Ollama runs open-weight models locally or on a machine you control. The Ollama server exposes an OpenAI-compatible endpoint, so the same SDK code works unchanged; only base_url and api_key differ:

# OpenRouter
client = OpenAI(
    base_url="https://openrouter.ai/api/v1",
    api_key=os.environ["OPENROUTER_API_KEY"],
)

# Ollama: api_key is required by the SDK but not validated by Ollama
client = OpenAI(
    base_url="http://192.168.0.177:11434/v1",
    api_key="ollama",
)

The full backend selection logic in agents/llm.py:

def get_client() -> OpenAI:
    backend = os.environ.get("LLM_BACKEND", "openrouter")
    if backend == "ollama":
        return OpenAI(
            base_url=os.environ.get("OLLAMA_BASE_URL", "http://localhost:11434/v1"),
            api_key="ollama",
        )
    return OpenAI(
        base_url="https://openrouter.ai/api/v1",
        api_key=os.environ["OPENROUTER_API_KEY"],
    )

def get_model() -> str:
    if os.environ.get("LLM_BACKEND") == "ollama":
        return os.environ.get("OLLAMA_MODEL", "ministral-3:14b")
    return os.environ.get("OPENROUTER_LLM_MODEL", "mistralai/ministral-14b-2512")

Configure both in .env:

LLM_BACKEND=openrouter          # or: ollama

OPENROUTER_API_KEY=sk-or-v1-...
OPENROUTER_LLM_MODEL=mistralai/ministral-14b-2512

OLLAMA_BASE_URL=http://192.168.0.177:11434/v1
OLLAMA_MODEL=ministral-3:14b

Backend comparison

Both backends produced identical scraper configs in testing against the demo sites:

Backend Model Config quality Latency Cost
OpenRouter mistralai/ministral-14b-2512 render_mode: static yes, correct detail-page selectors ~2s per token
Ollama ministral-3:14b render_mode: static yes, correct detail-page selectors ~3s free (self-hosted)

Both returned valid, schema-clean JSON with no rogue keys, correct link_selector, and field selectors targeting the detail page rather than the listing cards.
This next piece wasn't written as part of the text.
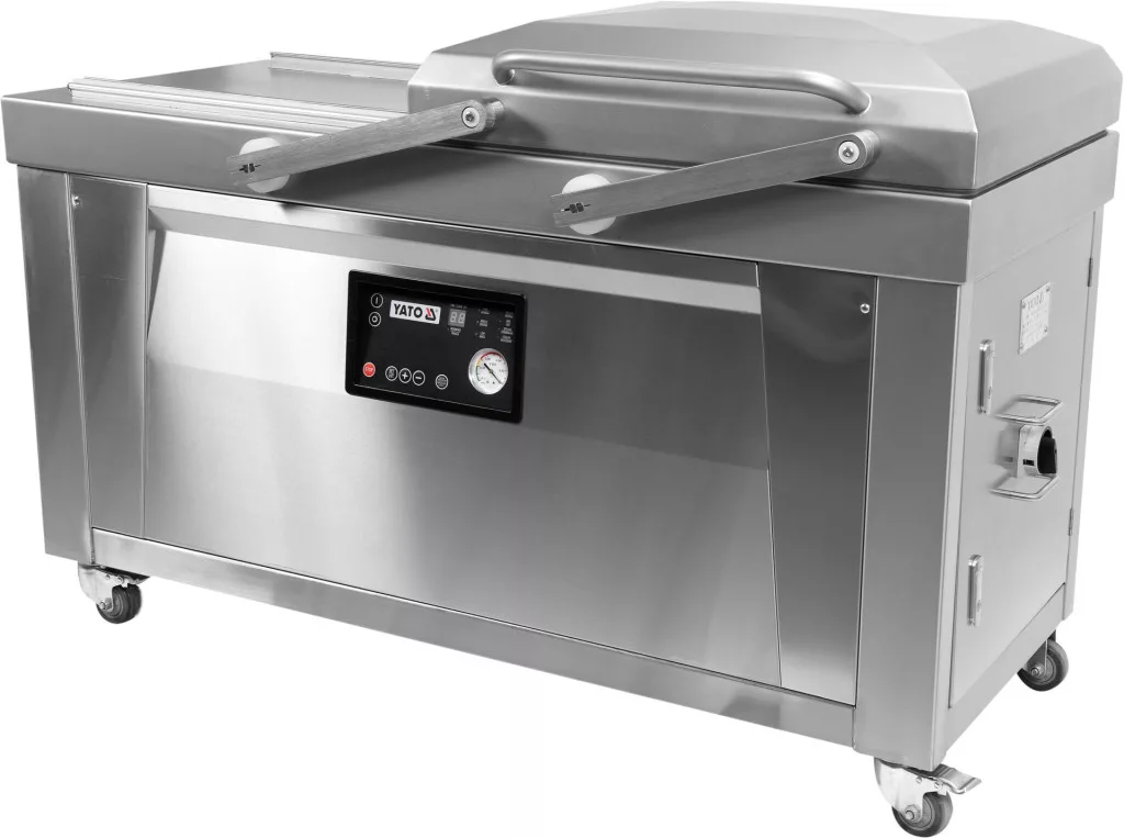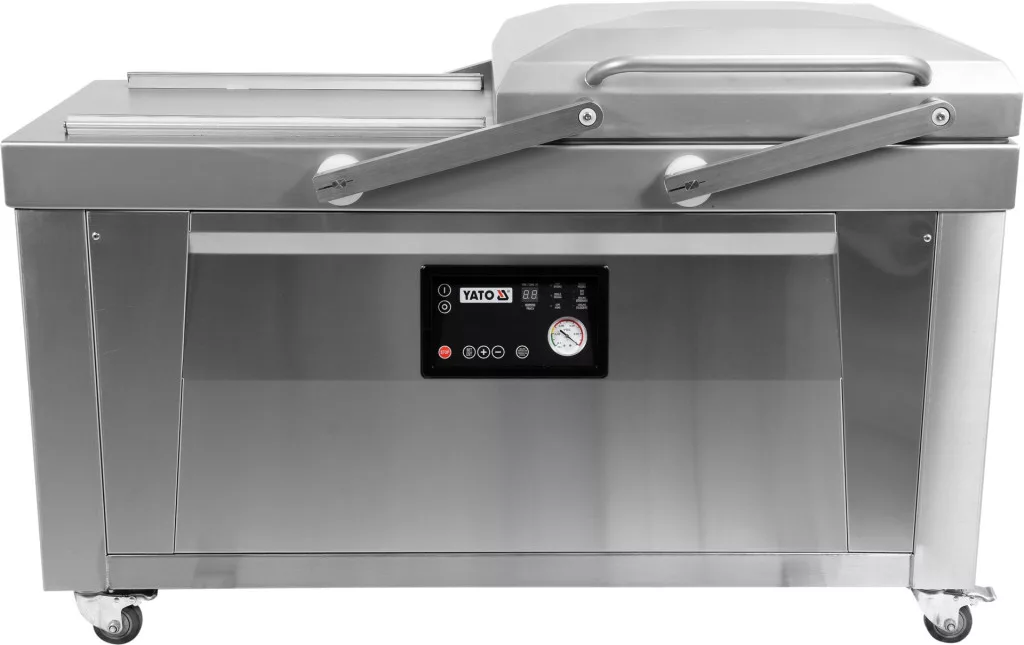 Kétkamrás vákuumcsomagoló gép a YATO-tól 600 mm-es tömítési szélességgel.
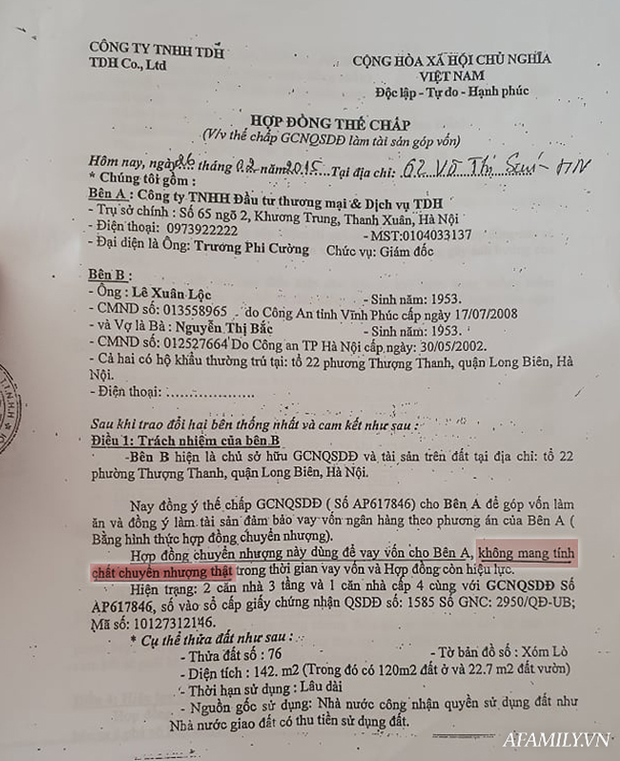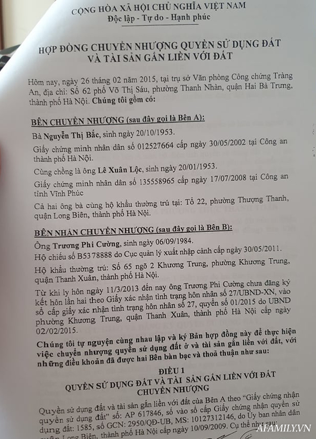 "Cũng trong buổi ký hợp đồng thế chấp này, ông Cường còn bắt tôi ký thêm một hợp đồng chuyển nhượng khác. Tại buổi ký kết có một nhân viên công chứng, nhưng họ cũng không nhắc nhở gì chúng tôi về khả năng sẽ mất nhà khi ký hợp đồng chuyển nhượng nhà cho anh Cường. Thêm vào đó vợ chồng tôi đều cao tuổi, bị say xe và cũng không hiểu rõ các loại giấy tờ nên đã ký vào hợp đồng này. Sau buổi hôm ấy, họ cũng không giao lại cho chúng tôi giấy tờ hay biên lai giao nhận tiền gì", bà Bắc cho biết.

The autonomous scraper (generate config, scrape, LLM validate) completed successfully with both backends, producing 3 records with all critical fields populated.

The choice between backends is operational, not functional: use OpenRouter for zero-maintenance access to the latest models; use Ollama when data privacy, offline capability, or cost at scale are priorities.

Apply This

1. Generate configs, not code. If you are building an AI-assisted scraping pipeline, output JSON configs rather than Python. The security, reviewability, and auditability advantages are significant.

2. Include the repair loop in any production AI pipeline. First-attempt config quality is inconsistent. A repair loop with 2-3 iterations dramatically improves success rates without significant cost.

3. Rate-limit your LLM calls, not just your scraper. Config generation is expensive. Cache generated configs aggressively. Regenerate only when a config starts failing, not on every scrape run.

4. Use structured output APIs when available. Modern LLM APIs support JSON Schema-constrained output, where the model is guaranteed to produce valid JSON matching your schema. This eliminates JSON parsing errors in generated configs.

5. Keep humans in the loop for high-stakes data. For data that feeds business decisions, require human review of AI-generated configs before they go to production. The AI dramatically reduces the work of authoring configs; the human provides the quality gate.